The act of creating something great that stands the test of time? That will always be difficult. It will still take the proverbial ten years of work and study (or the equivalent of genius) to even be in a position where you might be able to do that.


----------



## JonS

ManchesterMusic said:


> Obviously folks don't have to watch the entire video but I find it unfortunate that anyone would make a judgement about the quality of a 20 minute piece based on the intro. I know you're not _trying_ to be rude, but I don't think you're succeeding.
> 
> I cringe at the thought of the of someone assessing the quality anyone's submitted cue based on the first few seconds, but here we are. People read the headline, and scroll on.
> 
> The reason it's 20 minutes is because it's a complicated subject which I wanted to spend some time exploring in, I think, a careful and thoughtful way. I assume you disagree, but that's OK, (you can't win them all.) There's speed controls at the bottom right of the player btw, you can fast forward with little to no of loss of intelligibility.
> 
> I completely disagree with your assessment of my attitude (surprise surprise), and the notion that there is a 'right' (your words) way to learn is very interesting, but probably not worth unpacking on a forum.
> 
> I'll reiterate my advocacy (it appears at the end of the video): it would be really helpful if there existed some tools that either help you get started with a limited palette of sounds and midi (based on inputs you've given the tech), or point you in an interesting, creative direction based on what you've already composed.


Unfortunately, Geoff, we live in a world where one is very lucky if a producer or director even listens to just 2 to 3 seconds of a couple of a composer's cues. That rarely happens when it does as most submissions get completely ignored unless you are an A-list composer with a major agent/manager.


----------



## Jeremy Spencer

ManchesterMusic said:


> I'll reiterate my advocacy (it appears at the end of the video): it would be really helpful if there existed some tools that either help you get started with a limited palette of sounds and midi (based on inputs you've given the tech), or point you in an interesting, creative direction based on what you've already composed.


There is.....it's called listening to different music and finding inspiration in the world around us. Basic piano lessons can also ignite wonderful inspiration, especially the cool stuff that's created from mistakes. We don't need AI.


----------



## JonS

I strongly recommend education including a music education. But no University can teach anyone how to be innovative, original and inventive. All schools can do is teach you how to imitate no matter what discipline you are studying. I once worked with an orchestrator who got his PhD in composition from The Juilliard School and had a Fellowship with John Williams, he said that no University can teach someone how to compose an original song or work, that is an innate talent that one either has or they don't have. A thorough music education can properly teach you how to arrange and orchestrate like a master, but that just means you know how to copy the greats and how to sound like them not become the next one in your own right. 
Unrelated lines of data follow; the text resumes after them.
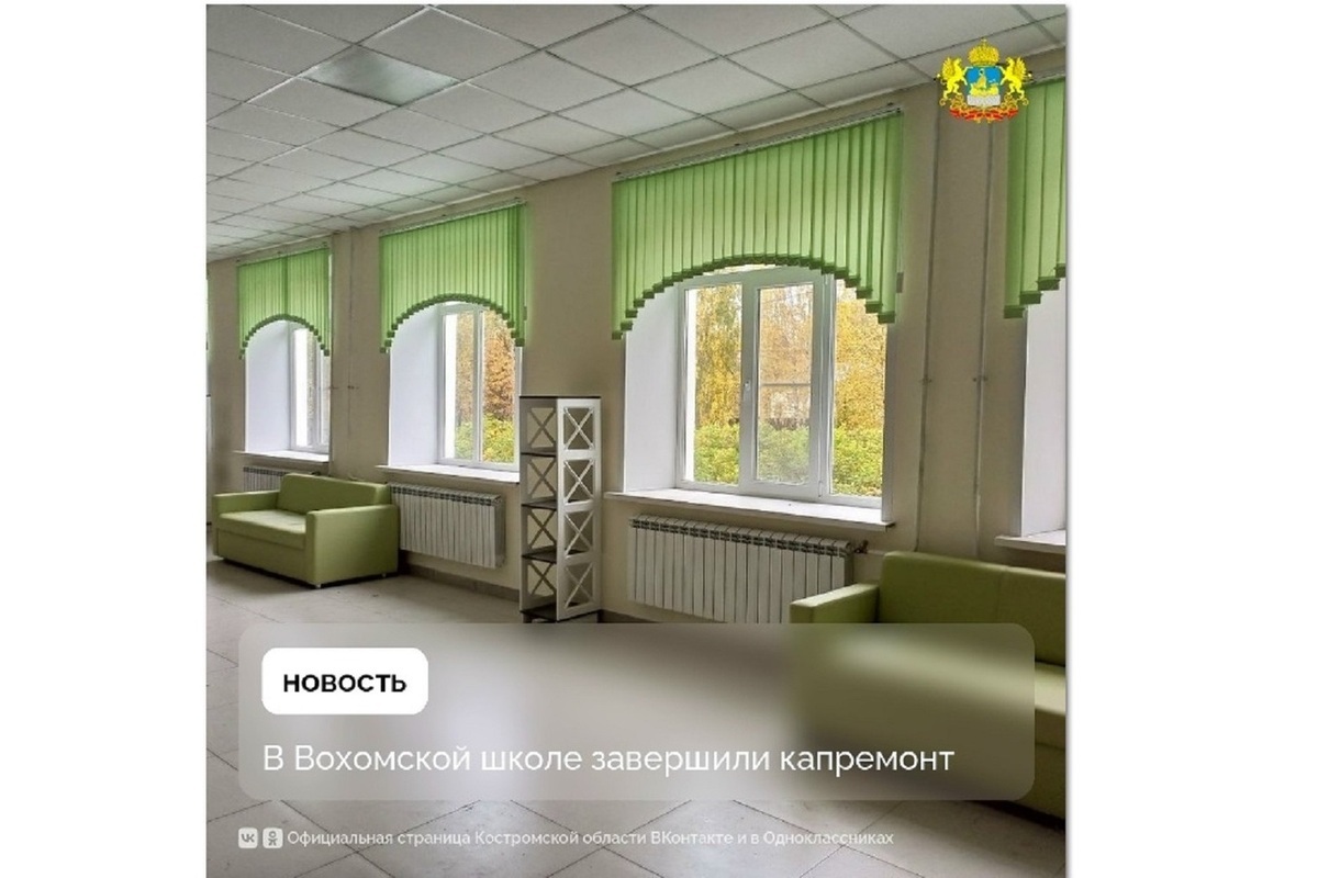 Вохомская школа предстанет перед своими воспитанниками в обновленном виде после завершения ремонтных работ, отличаясь светлым и современным обликом.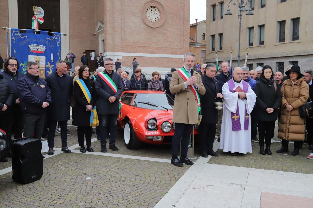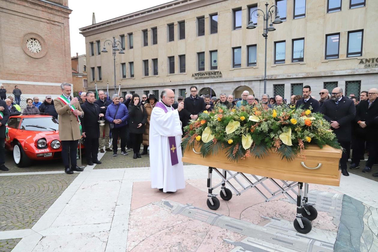 CAVARZERE - Il rombo assordante della “sua” Lancia Stratos ha riempito piazza Duomo per l’addio della città al “Drago”. Mercoledì la cerimonia commemorativa per Sandro Munari, storico campione di rally scomparso lo scorso sabato all’età di 85 anni. Bandiere a mezz’asta e lutto cittadino di due giorni in ricordo del pilota.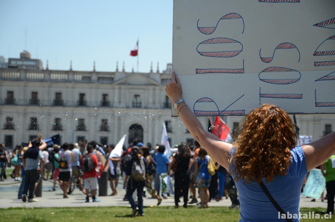Tras pasar la calle Zenteno, la columna se quebró, y los profesores cruzaron el bandejón central de la Alameda para apostarse frente a La Moneda.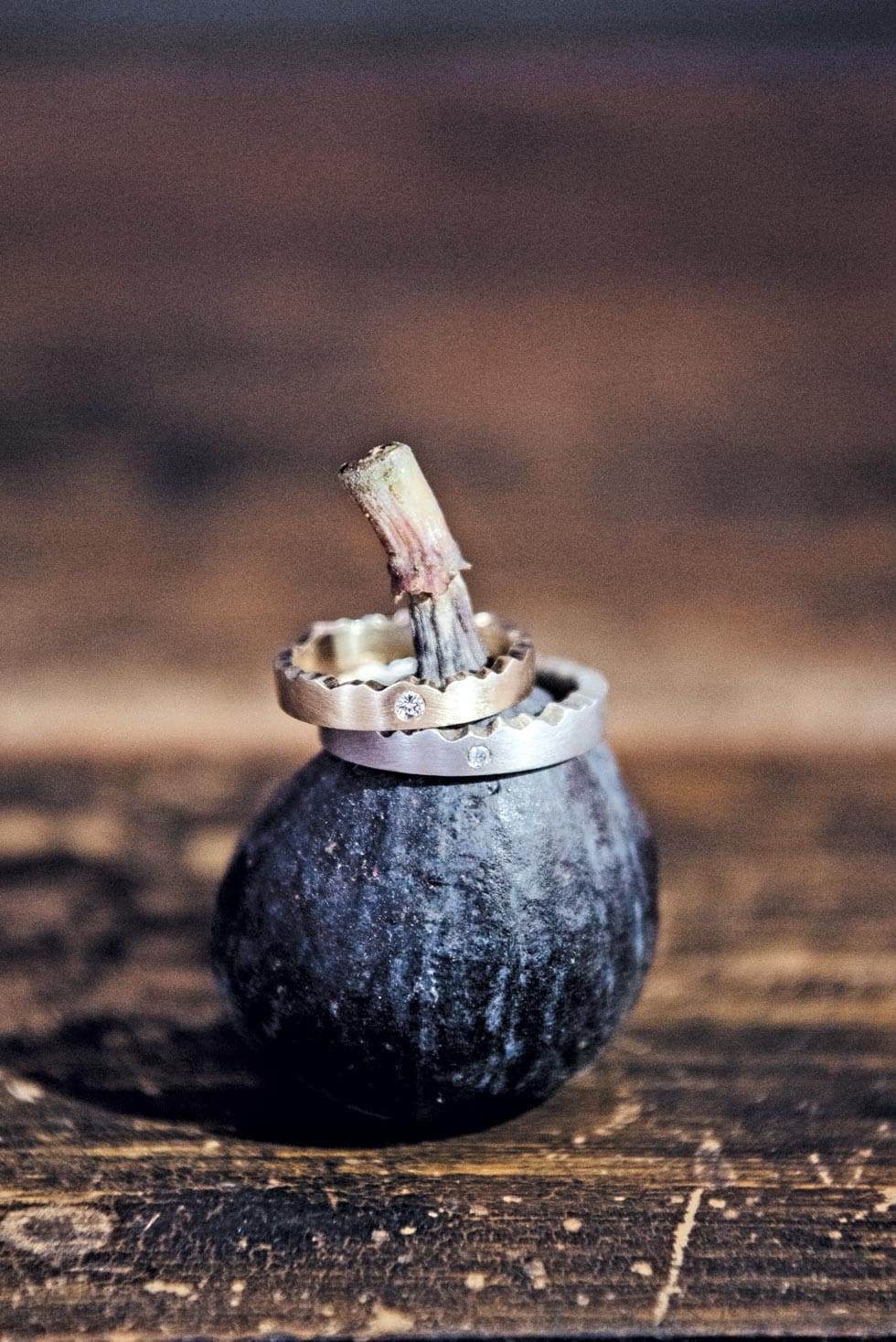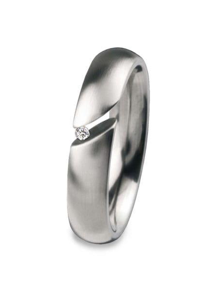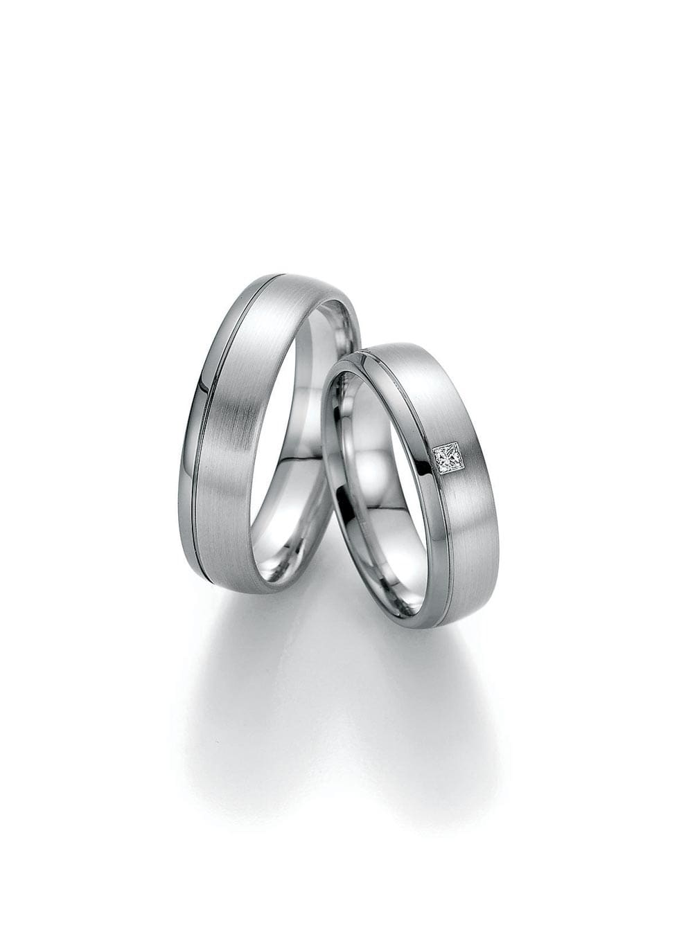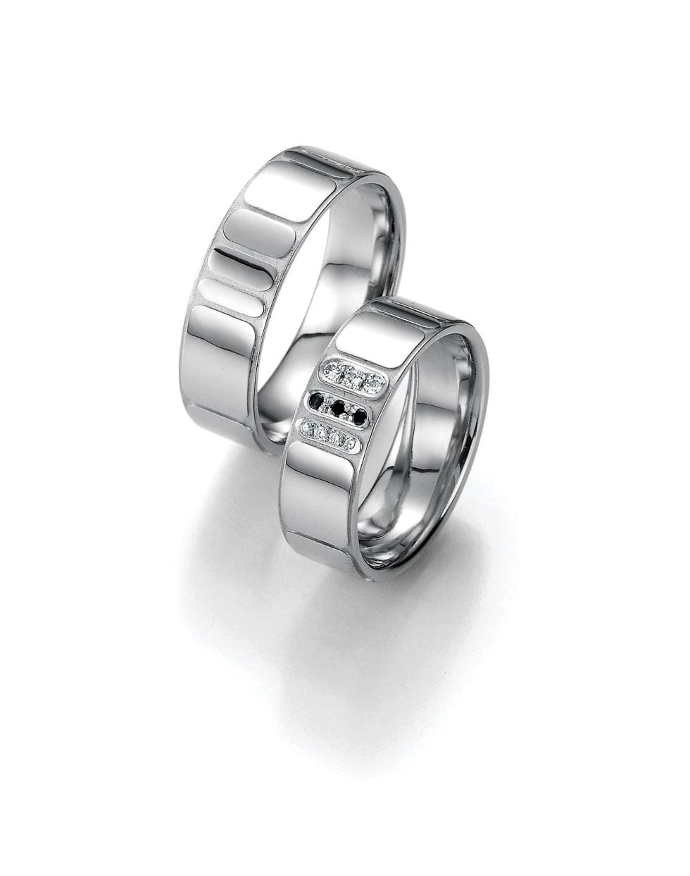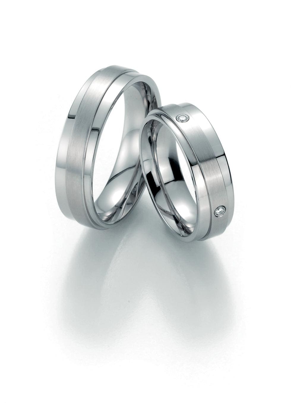 Aber auch die Kombination der verschiedenen silberfarbenen Gold-Farbnuancen Weiß, Grau und Haselnuss ergibt absolut moderne Designansätze weit ab vom klassischen Ehering.

Developing a signature sound or signature style is not what composing for film and tv is about either. The record labels are similar to Hollywood Studios as everyone wants a metoo/soundalike act in their catalogue of intellectual property. The deadlines are so tight in the film and tv biz that it is not really about art at all. It's a big commercial factory for the masses trying to replicate last year's smash box office hits with duplicate stories and similar sounding scores. If you want originality listen to Miles Davis.


----------



## Nico5

My attitude towards education is a bit more nuanced, since it's highly context sensitive. 

Some people do well in an educational environment, while others get chewed up, including some real talents. 

However, whenever supply in a skill becomes much higher than demand, the hiring entities typically demand more pieces of paper (credentials). And that makes music education more important now than it used to be 30-40 years ago for individuals desiring a career in music.


----------



## TonalDynamics

LatinXCombo said:


> Composing should be technically as easy as it can possibly be. Technical obstacles in the way of composing should be smoothed out and made efficient where possible.


This, right here.

Also improving music education which is lagging _woefully _behind the rest of the 21st century and still uses books hundreds of years old as gold standard teaching tools (The wonderful lessons on Scoreclub and other modernized pedagogies ought to be the standard by '22, instead they are still the remarkably rare exception)


Jeremy Spencer said:


> There is.....it's called listening to different music and finding inspiration in the world around us. Basic piano lessons can also ignite wonderful inspiration, especially the cool stuff that's created from mistakes. We don't need AI.


Hear hear, and I'll go a step further and say that I've listened to all the nonsense that AI have 'composed' for lack of a better term, found it all to be quite irrelevant and uninspiring, and I don't suspect that will ever change even in the next 100 years for me personally.

At a certain point I have no doubt that some of those AI will start playing actual melodies written by great composers and for a moment think "Wow, that sounds good... wait, that's Korsakov/Beethoven/Chopin, just pasted together like some sort of abominable patchwork much like the visual art AI do when they copy/paste bits of whole artworks into an always highly abstracted amalgum.

But at that point they are doing nothing more than excerpting a combination of melodic lines that are 'weighted' favorably by whatever database happens to be drawn upon by the neural net in question.

The difference here is that unlike a 'true' abstract, all these sorts of 'copied' images began life as original works, and when you zoom in on certain bits closely enough it becomes obvious that it is a plagiarism, albeit a highly sophisticated one. (This is demonstrated particularly well when you have the originals beside the AI results to put it in context)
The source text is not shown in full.